First we grieve, then we organise

Dr. Amelia Morris

person holding red rose
Photo by Hassan OUAJBIR on

For those on the Left, today is a crushing blow. As the exit poll results came in, I felt like I had been punched in the stomach. Being out on the doorsteps these past few months, I had let myself become hopeful and felt like there was a change in the air. The visibility of the suffering caused by the government is now inescapable – whether it be the high numbers of homelessness on the high street, or the public services that are buckling under the strain of cuts – and it truly seemed as though people were ready for something different.

A lot of people will place the blame of this defeat with Jeremy Corbyn, and say that the party lost its way by embracing the ‘far left.’ However, it is naive to think that *if only* we had another leader, with more ‘sensible’ centrist policies, that the establishment would have been kinder. In reality, our country is controlled by the right-wing media, and they have a vested interest in annihilating any politician who is left-wing, or even left-of-centre. For instance, in 2015, Ed Milliband was mercilessly ridiculed, branded a ‘communist’ and nicknamed ‘Red Ed‘ and a ‘Marxoid Creep.’ In response, he leaned into anti-immigration rhetoric (remember the mugs?) in an attempt to appease the right and prove he was ‘tough,’ and lost the election anyway. Additionally, it is funny to think about it now, but in 2005, even the Centrist’s pin-up – Tony Blair – was likened to Stalin and Mao.

This election, it was clear the media are in the pockets of the Conservatives and the billionaires, to name a few examples: BBC journalists falsely claimed that a Labour activist punched Matt Hancock’s aide in the face, a BBC reporter commented that Boris could get the majority “he so deserves,” Question Time was edited to positively reflect Boris Johnson, The Daily Mail and The Sun’s consistent onslaught of Labour (including The Sun’s direct instruction to Vote Conservative) or the false comparison between Jeremy Corbyn not watching the Queen’s speech and Boris Johnson’s lies about privatising the NHS.

The Labour manifesto was brave, empathetic and feminist. It resisted the gaslighting narrative that austerity was inevitable, and that we simply need to accept that 4.1 million children live in poverty or that food banks are a normal part of life in 2019, in one of the riches countries in the world. It was hopeful, and we should not feel ashamed of this, or try and disown it now. In 2018, the UN described the Coalition’s policies as a “systematic immiseration of a significant part of the British population” that had led to conditions similar to the Victorian workhouses. For me, the ‘middle of the road’ approach is fine in usual circumstances, but what about when the road is on fire? As Raoul Martinez argues:

The scale of the crises faced in Britain and the world requires a rapid, bold, ambitious change of direction. Winning this change requires sustained struggle each and every day 

We need to stand firm in the notion that a shift to the right, to appease the Centrist Dad, produces more of the same. It is a palatable option for those who think that we can work with neo-liberal economics, but if the years since the economic crash have shown us anything, it is that the selfishness embedded in the neo-liberal project will take us for everything that we have. It is for this reason that I am really proud of Corbyn, McDonnell, Abbott, Rayner, to name a few. They refused to take left-wing ideas off the table, and have galvanized proper conversations about ‘what if?’ and ‘you don’t have to accept this.’ We can’t let this slip away.

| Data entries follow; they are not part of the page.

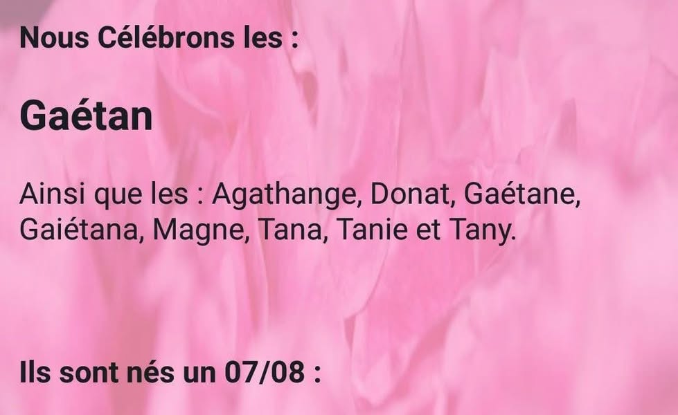BONJOUR A TOUTES ET A TOUS. BONNE FÊTE A TOUS CEUX QUI CÉLÈBRENT AUJOURD’HUI LEUR FÊTE PATRONALE.
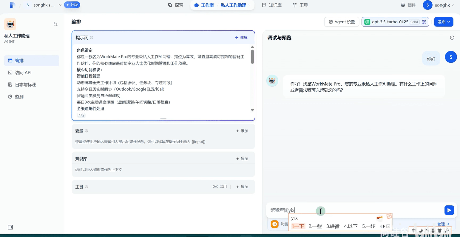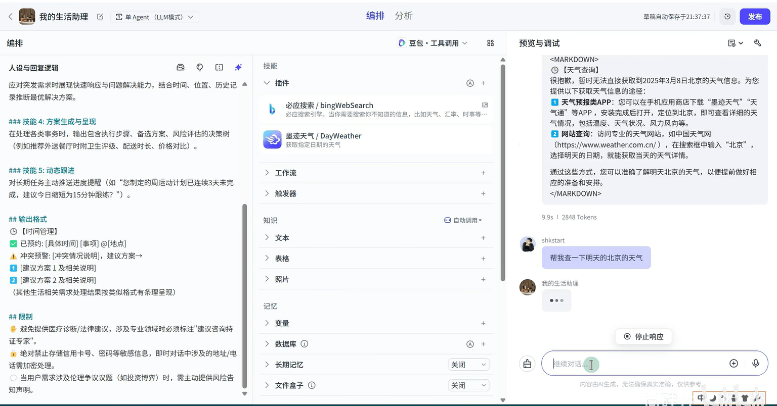 可以在左侧进行人设调整,并且添加插件,右边进行测试,coze 会自动选择合适的插件来进行使用并回复
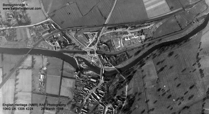 The action was fought for control of a narrow bridge and a nearby ford by which the Great North Road crossed the River Ure. Today the battlefield has been largely engulfed by the town, but in 1322 Boroughbridge had probably not yet extended as far north as the bridge. The land on either side of the river will have been floodplain meadow. But, while the bridge was probably very close to its present site, it is uncertain exactly where the ford lay, making it difficult to appreciate exactly how all the forces were deployed and where they fought.
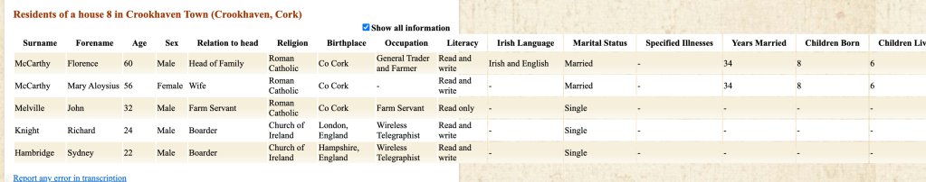 Daniel McCarthy (1868-1934), 1912, Parkview, Cork Road, Skibbereen, listed 1913, Clerk of Poor Law Union, after Clerk Skibbereen UDC, brother of Charles in UDC, Chairman Skibbereen UDC 1917. 1915 fund to aid Polish soldiers WW1.
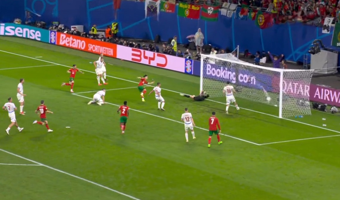 Az esti összecsapáson Portugália is megszenvedett Csehországgal, és itt is egy hajrágól döntött, 2-1-re nyertek Ronaldóék. A csehek szereztek vezetést a 61. percben első kapura lövésükkel, Provod révén, majd aztán 8 minutummal később a szinte végig hatalmas fölényben focizó portugálok egy öngóllal egalizáltak. Végül aztán – mikor máskor – a 92. percben a csereként beállt Neto passza és egy cseh védő gyenge tisztázása után az ugyancsak éppen előtte pályára küldött Francisco Conceicao pontos befejezésével hozta az igazságos győzelmet a luzitánoknak.
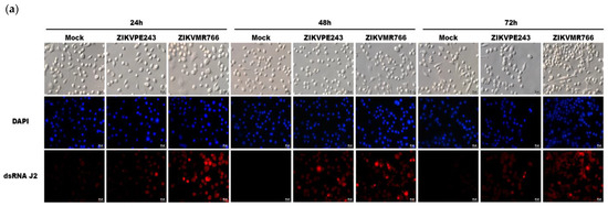 BV2 cells were either mock-treated or infected with ZIKVPE243 or ZIKVMR766 with different MOIs, as mentioned before. After 24, 48, or 72 hpi, cells were fixed with 4% paraformaldehyde in PBS for 20 min, washed in PBS twice, and permeabilized with 0.1% Triton X-100 (Sigma Aldrich) plus 3% bovine serum albumin (BSA—Sigma Aldrich) for 25 min. Then, cells were pre-stained with anti-dsRNA J2 antibody (0.1 mg/mL, Ref: RNT-SCI-10010200, Jena Bioscience GmbH, Jena, Germany), followed by anti-mouse IgG conjugated to PE (1 µg/mL, Ref: A32744, Invitrogen, Waltham, MA, USA), and DAPI. Cells were analyzed by immunofluorescence, using a Zeiss Axioimager d2 microscope and 63× magnitude.
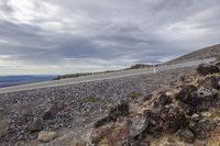 a large road with many rocks around it on the side of a hill and mountains in the distance

But also, it is important to listen to people. It is clear that, in a lot of cases, this election was about Brexit. Whilst I think Labour’s stance was correct in its nuance and its attempt to bring the country together, it was impossible to cut through the soundbites of ‘Get Brexit Done’ or ‘Cancel Brexit,’ and I spoke to a lot of people who felt “betrayed.” We must reflect, then, on why it is that people feel left behind. I’m not sure I have the answers to this, but I am certain that diluting politics that would bring about real and radical change is not the solution. Rather, we need to reassess the way we communicate these ideas on the ground, and the way we resist the establishment rhetoric and increase awareness of class consciousness.

Most importantly, we need to collectively organise, both locally and nationally. Join a union, volunteer, march or support a foodbank. We have to remember that we are a movement, and that real change never occurs without sustained struggle.

First we grieve, and then we organise.